8. Rhys said “I carefully haven’t named the man at all” (Letters 297). Rochester doesn’t have a
name or a physical description; is Rochester a reliable narrator for the second section? Is
Rochester a villain or a victim? Did Antoinette inherit madness, or did Rochester drive her to
madness?
9. In a 1982 study of Rhys's work, Jane Aschom made a statement: "Rhys's novels describe a
female consciousness passive and impotent in a world where men have all the power." In the
same year, Linda Bamber included Rhys with her fictional heroines when she described Rhys as
a "woman more comfortable with failure than with success." What men have power in
Sargasso? Does Antoinette have power over anyone? Or power over her destiny? Do you agree
that she is more comfortable with failure? In what ways does Antoinette play the victim? In
what ways is she victimized by those around her?

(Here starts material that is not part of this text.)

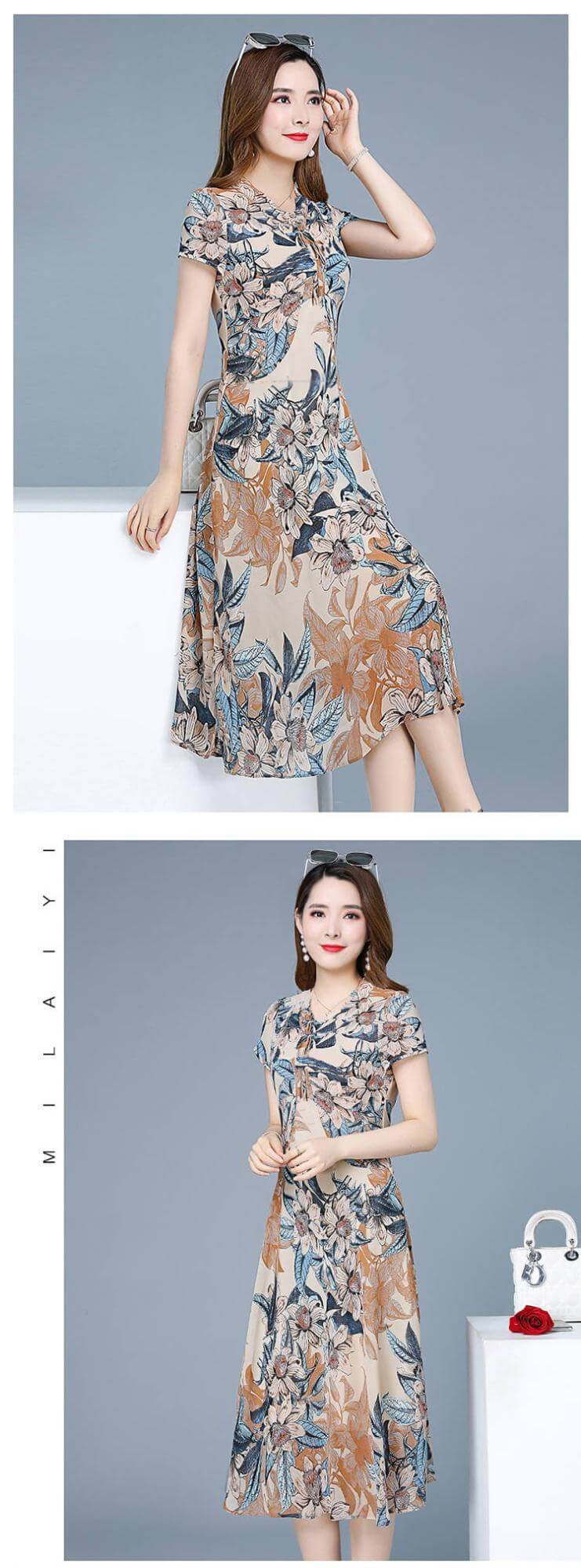 氣質清涼媽媽中長款連衣裙【秒殺4件!】藍色+磚紅色各2件(到手4件,每件均價399元)

10. A wife had no legal identity until the Married Woman’s Property Act of 1870. Once
Antoinette marries Rochester, he possesses all of her money and complete control of her personphysically and legally. M. M. Adjarian calls Rochester “her oppressor” and claims that “She
wishes to strip him of as much of his power as she can. She also desires to escape from the space
of ‘living death’ to which Rochester has condemned her and where she can do little else but
remember her past and wait for her own demise. Hence she decides to burn down Thornfield
Hall after a dream in which she sees herself setting the mansion on fire: ‘Now I know why I was
brought here and what I have to do’” (190). Is she mad or has Antoinette finally achieved power
over her masculine oppressor?
11. Deborah A. Kimmey claims “With the book’s first movement from the shelf, Wide Sargasso
Sea intimates that Antoinette’s descent into madness results from her conflicting position vis-àvis the Europeans and Dominicans; she is both a ‘white cockroach’ and ‘white nigger.’
Denounced and denied by both countries, she is marooned-with her existence jettisoned to the
borders. As she says to the unnamed husband: ‘* I often wonder who I am and where is my
country and where do I belong and why was I ever born at all’ (Sargasso 61).” Do you believe
that cultural instability and displacement caused or contributed to Antoinette’s madness?
12. Names play an important role in the story. How does Antoinette’s name evolve with her life
situation? Who calls her which names and why? Is it important that in the last section when her
name is not spoken at all; how does that reflect her character?
13. One day, when Rochester touches the full-blown pink rose and its petals drop at his touch,
he wonders, "Is that poem true? Have all beautiful things sad destinies?" (72). Do you agree?